*** INFORMATION SUPPLIED Section Begins ***

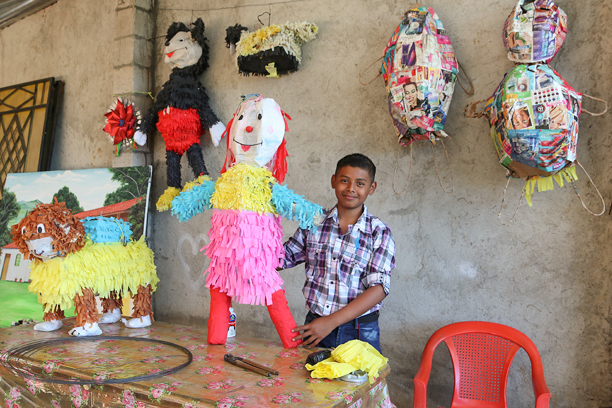 Emiliano is a 15-year-old sponsored youth in El Salvador who enjoys making piñatas, which are popular throughout the region. Bright, festive colors are a hallmark of Latin American countries, and travelers are often greeted with colorful displays and cultural presentations when they visit communities where Unbound works.
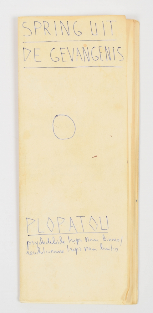 Psychedelische trips naar binnen/ revolutionaire trips naar buiten. Plopatou, c. 1972. (82) p. with text in ballpoint. Loose-leafed in manuscript wrapper, 27.5 x 10 cm.
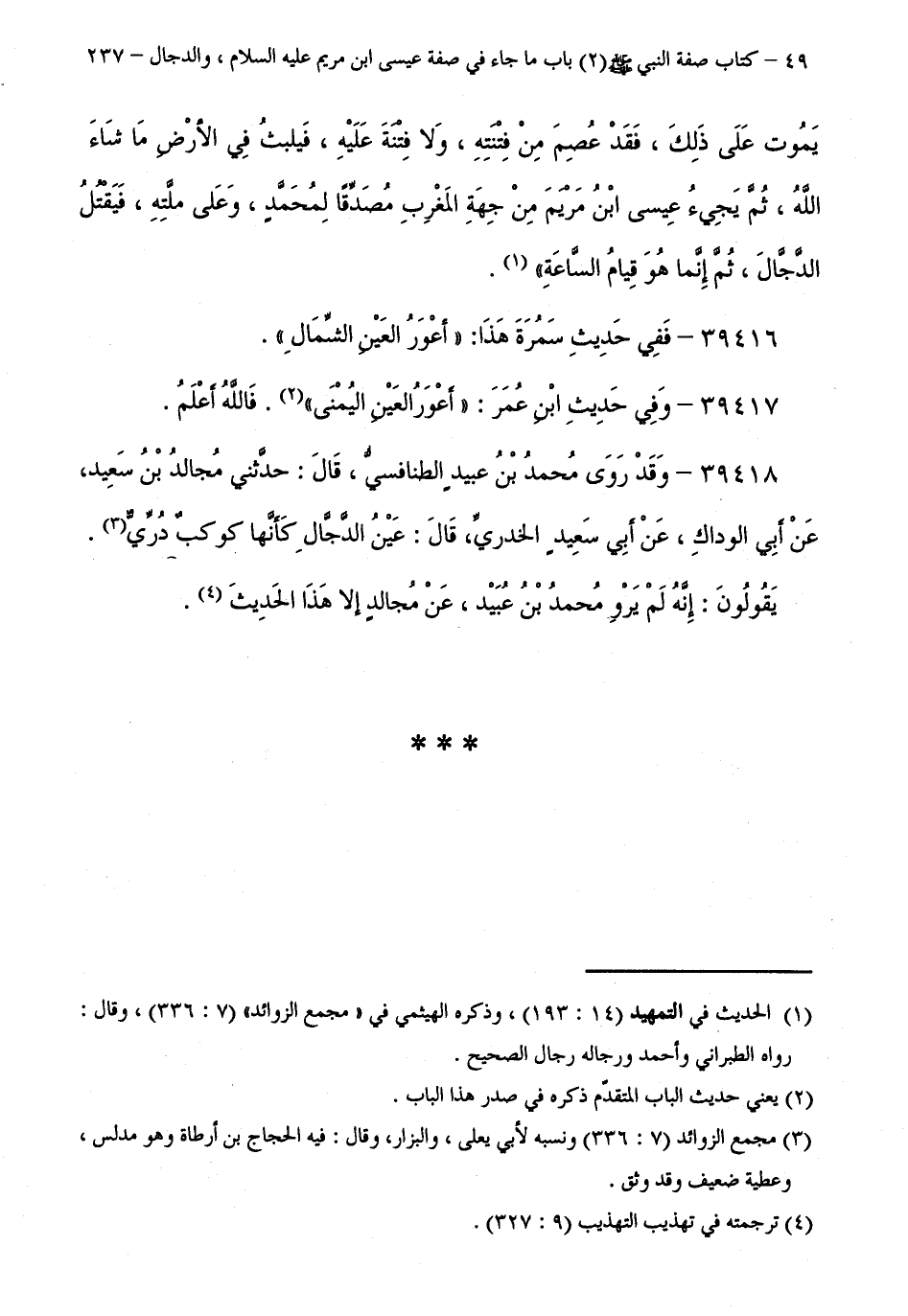39418 - وَقَدْ رَوَى مُحَمَّدُ بْنُ عُبَيْدٍ الطَّنَافِسِيُّ قَالَ: حَدَّثَنِي مُجَالِدُ بْنُ سَعِيدٍ، عَنْ أَبِي الْوَدَّاكِ، عَنْ أَبِي سَعِيدٍ الْخُدْرِيِّ قَالَ: عَيْنُ الدَّجَّالِ كَأَنَّهَا كَوْكَبٌ دُرِّيٌّ. يَقُولُونَ: إِنَّهُ لَمْ يَرْوِ مُحَمَّدُ بْنُ عُبَيْدٍ، عَنْ مُجَالِدٍ إِلَّا هَذَا الْحَدِيثَ.

*** INFORMATION SUPPLIED Section Ends ***

## WHAT IS EXPECTED
The lines from the one that contains "Psychedelische trips naar" through the end of the data, repeated exactly and with no pictures, make up the whole answer.

## FINISHED TASK
 Psychedelische trips naar binnen/ revolutionaire trips naar buiten. Plopatou, c. 1972. (82) p. with text in ballpoint. Loose-leafed in manuscript wrapper, 27.5 x 10 cm.
39418 - وَقَدْ رَوَى مُحَمَّدُ بْنُ عُبَيْدٍ الطَّنَافِسِيُّ قَالَ: حَدَّثَنِي مُجَالِدُ بْنُ سَعِيدٍ، عَنْ أَبِي الْوَدَّاكِ، عَنْ أَبِي سَعِيدٍ الْخُدْرِيِّ قَالَ: عَيْنُ الدَّجَّالِ كَأَنَّهَا كَوْكَبٌ دُرِّيٌّ. يَقُولُونَ: إِنَّهُ لَمْ يَرْوِ مُحَمَّدُ بْنُ عُبَيْدٍ، عَنْ مُجَالِدٍ إِلَّا هَذَا الْحَدِيثَ.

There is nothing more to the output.